Maar aan alles wat in modus van verveling gedaan, gezegd en gedacht wordt, plakt er op zijn minst iets van inhoud vast. Enerzijds wordt bij gewichtige opmerkingen de toon snel ironisch. Wanneer Frits een gracht aanschouwt zegt hij: ‘Heerlijk, het lijkt wel of de mist uit het water dampt. Schijn en werkelijkheid. We zijn vanmiddag ongewoon diepzinnig.’ (X, p. 230) Anderzijds werpt het boek in mijn lezing pertinente filosofische vragen op. Enige onderwerpen zijn mij niet onopgemerkt gebleven: humor, zwakzinnigheid, moderne wetenschap, taalstructuur, Gods alwetendheid, het noodlot, de zondigheid, ziekte en verderf, verveling, dierenmishandeling en kaalhoofdigheid. Mijn bedoeling is om hierover essentiële vragen te formuleren en volgens mijn beste kunnen te beantwoorden.

Wat mijn boek niet wordt, is een exegese van de filosofie van Gerard Reve. Reve is geen filosoof, of beter gezegd tracht ik geen coherent denkstelsel te reconstrueren volgens wat in De Avonden en andere klassiekers te lezen staat. Het wordt dus niet zoiets als: ‘Gerard Reve over humor’, ‘over zwakzinnigheid’, ‘over moderne wetenschap’, enzovoort. Ik zeg niet dat zo’n soort boek niet mag bestaan. Ik zou het zelfs met groot plezier lezen.

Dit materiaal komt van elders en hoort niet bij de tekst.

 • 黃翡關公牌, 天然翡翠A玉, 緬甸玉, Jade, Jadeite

Maar vooral is De Avonden een zeer dankbare aanleiding om over zulke onderwerpen te schrijven. Gerard Reve demonstreert hier als geen ander hoe de zware thema’s van het leven tot in de grootste onnozelheden doordringen. De verbeelding van De Avonden schenkt de eerste toegang tot deze onderwerpen. Zeg maar dat zonder dit proza mijn wijsgerige kunde er nooit bij zou geraakt zijn. Voor al wie slimmer wil worden door een boek te lezen, zowel De Avonden als mijn filosofische beschouwing strekt tot de aanbeveling.

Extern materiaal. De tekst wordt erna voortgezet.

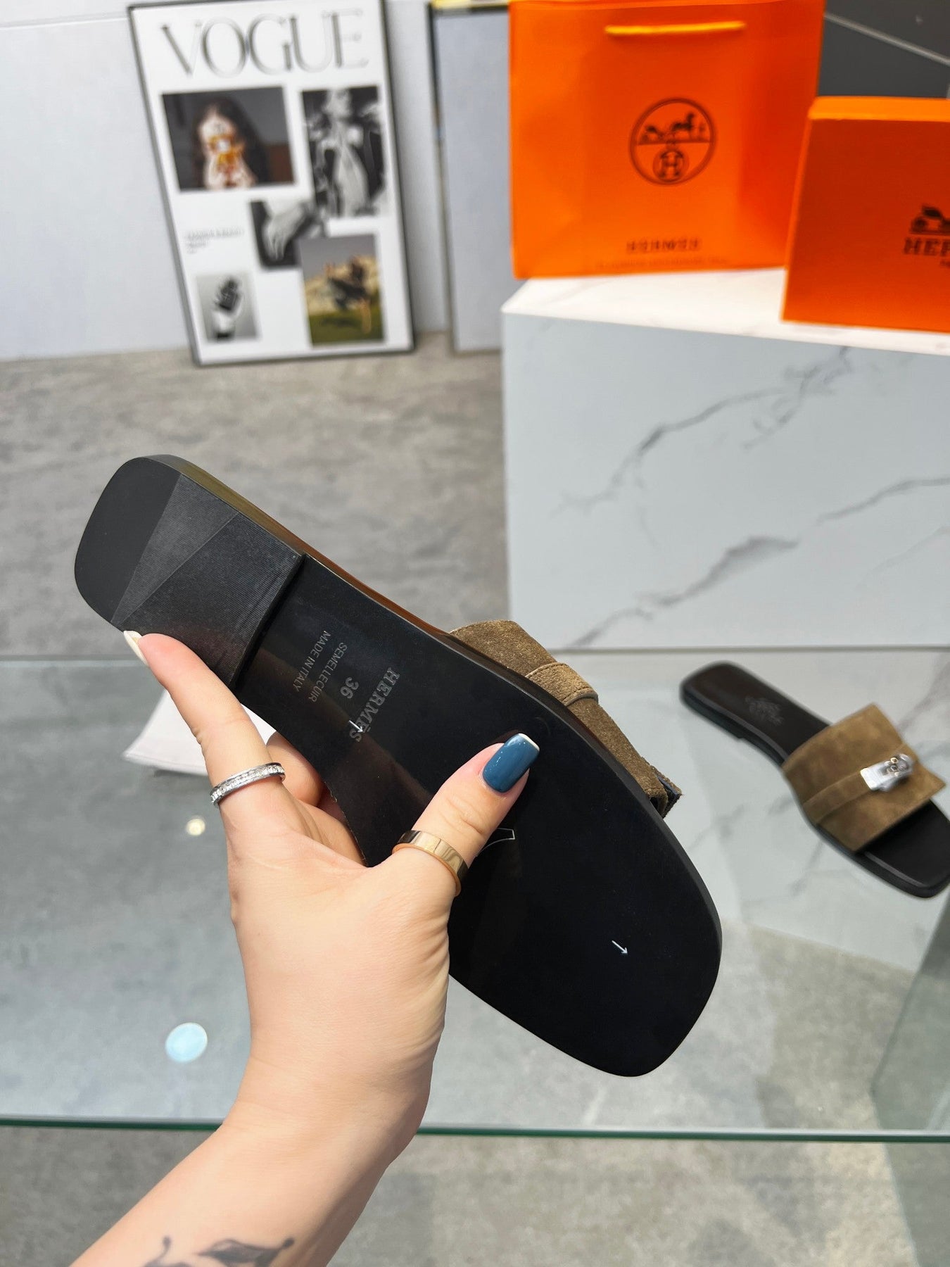 Giulia Sandal Brown Suede Black Calfskin

Ik moet nog af van twee mededelingen. Ten eerste maak ik het breed qua filosofische thematiek. Het moet een zeker overzicht bieden van wat de wijsbegeerte bestrijkt. Mijn essays raken bijna alle velden aan. Ik begeef me in wetenschapsfilosofie, taalfilosofie, epistemologie, metafysica, ethiek en wijsgerige psychologie.

Ten tweede wilde ik niet eigenzinnig zijn of op zoek gaan naar controverse. Ik ga veeleer inleidend of zelfs stichtend te werk. Voor elk essay beroep ik mij op gangbare begrippen en denkkaders als de basis voor onderzoek, nadrukkelijk uit de twintigste-eeuwse filosofie. Ik ga wel steeds een richting uit. Het blijven argumentatieve teksten. Verwacht je mogelijks aan een meningsverschil, maar neem het op als vriendschappelijk debat.

Mathieu Berteloot. ‘We zijn vanmiddag heel diepzinnig’. Filosoferen over De Avonden. Leusden: ISVW Uitgevers, 2022.